# Creating an end-to-end Pipeline
The code below is mainly adapted from this [blog post about creating Pipelines](https://medium.com/vickdata/a-simple-guide-to-scikit-learn-pipelines-4ac0d974bdcf)

**Question 4:** Try creating a single pipeline that does the full data preparation plus the final transformation.

What data preparation steps do we have to include? <br>

*Exclude data observation/wrangling:* We aren't concerned with checking the integrity/usefulness of our features or making any choices about composite features (e.g. feature engineering). We are only concerned with the *preparation* of the data for use in an ML algorithm. <br>

However, in the chapter, we decided to include certain composite features in our model. Since we also need to have these features for any test or real-life data that we would want to use the Pipeline on, we need to include a transformer to add these features for new instances. Luckily, he already provides the code for this custom transformer, which I'll use in my answer.

In this case, we *are* concerned about the following steps:
1. Impute or drop missing values 
2. Encode categorical features (One-hot)
3. Add combined features 
4. Scaling/standardization of continuous features 

## 1. Import modules, get data and split

In [57]:
import sklearn

import numpy as np
import os
import pandas as pd

In [58]:
# get data: copied from Ch2 Notebook
import os
import tarfile
import urllib

DOWNLOAD_ROOT = "https://raw.githubusercontent.com/ageron/handson-ml2/master/"
HOUSING_PATH = os.path.join("datasets", "housing")
HOUSING_URL = DOWNLOAD_ROOT + "datasets/housing/housing.tgz"

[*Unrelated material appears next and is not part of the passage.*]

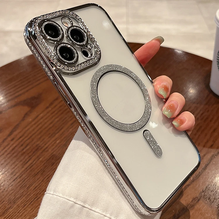 ốp lưng cho iphone 15 pro max / 14 promax đính đá kim tuyến có lens bảo vệ camera - hàng nhập khẩu chính hãng

def fetch_housing_data(housing_url=HOUSING_URL, housing_path=HOUSING_PATH):
    if not os.path.isdir(housing_path):
        os.makedirs(housing_path)
    tgz_path = os.path.join(housing_path, "housing.tgz")
    urllib.request.urlretrieve(housing_url, tgz_path)
    housing_tgz = tarfile.open(tgz_path)
    housing_tgz.extractall(path=housing_path)
    housing_tgz.close()
    
fetch_housing_data()

In [59]:
import pandas as pd

def load_housing_data(housing_path=HOUSING_PATH):
    csv_path = os.path.join(housing_path, "housing.csv")
    return pd.read_csv(csv_path)
housing = load_housing_data()

In [60]:
# using random test/train split
from sklearn.model_selection import train_test_split

train_set, test_set = train_test_split(housing, test_size=0.2, random_state=42)

In [61]:
train_set.head()

Unnamed: 0,longitude,latitude,housing_median_age,total_rooms,total_bedrooms,population,households,median_income,median_house_value,ocean_proximity
14196,-117.03,32.71,33.0,3126.0,627.0,2300.0,623.0,3.2596,103000.0,NEAR OCEAN
8267,-118.16,33.77,49.0,3382.0,787.0,1314.0,756.0,3.8125,382100.0,NEAR OCEAN
17445,-120.48,34.66,4.0,1897.0,331.0,915.0,336.0,4.1563,172600.0,NEAR OCEAN
14265,-117.11,32.69,36.0,1421.0,367.0,1418.0,355.0,1.9425,93400.0,NEAR OCEAN
2271,-119.8,36.78,43.0,2382.0,431.0,874.0,380.0,3.5542,96500.0,INLAND


In [62]:
y_train = train_set['median_house_value']
X_train = train_set.drop(['median_house_value'], axis=1)
y_test = test_set['median_house_value']
X_train = test_set.drop(['median_house_value'], axis=1)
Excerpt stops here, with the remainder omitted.